Tempers flare among migrants on Kos as they wait to be processed by Greek officials
Migrants on the Greek island of Kos have brawled with each other as tempers flared while they waited to be processed aboard a passenger ship moored nearby.
The ship has sat empty since it arrived more than 24 hours ago.
The migrants, a group of about 50 migrants from Afghanistan, Pakistan and Iran, threw stones and exchanged blows with each other in the intense mid-summer heat as they waited outside the island's main police station.
Riot police stood by, but did not intervene.
In the quayside The Eleftherios Venizelos, a passenger ship chartered to house and process refugees, has sat empty for the past day.
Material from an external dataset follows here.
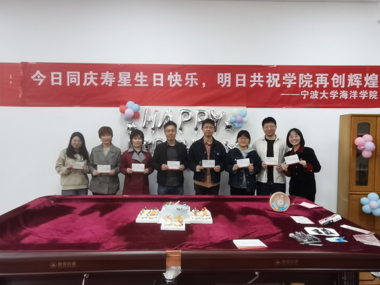 4月27日上午,海洋探花av东楼一楼教工之家装饰得玲珑满目,似有过节气氛,原来是探花av工会安排了一场四月过生日教职工的集体生日会,旨在进一步增强教职工凝聚力、向心力和归属感,营造健康文明、积极向上的工作氛围。生日会由工会福利委员陈晨主持。

Even once it begins operation, the migrants have little chance of getting aboard the ship as priority will be given to Syrians, who are treated as refugees as they are fleeing their country's civil war and have greater rights under international law than economic migrants.
The Eleftherios Venizelos is a car ferry belonging to ANEK Lines which operates routes to the Greek islands and across the Adriatic to Italy.
Early on Saturday, about 300 Syrians had gathered on the quayside in the hope of getting aboard the ship.
About 2,500 people are due to be housed and processed on it when it begins operations.
Nearly a quarter of a million migrants have crossed the Mediterranean to Europe this year, according to the International Organisation for Migration.
Of these, about half have come to the Greek islands, with numbers surging in the summer when calmer weather makes the crossing marginally less risky.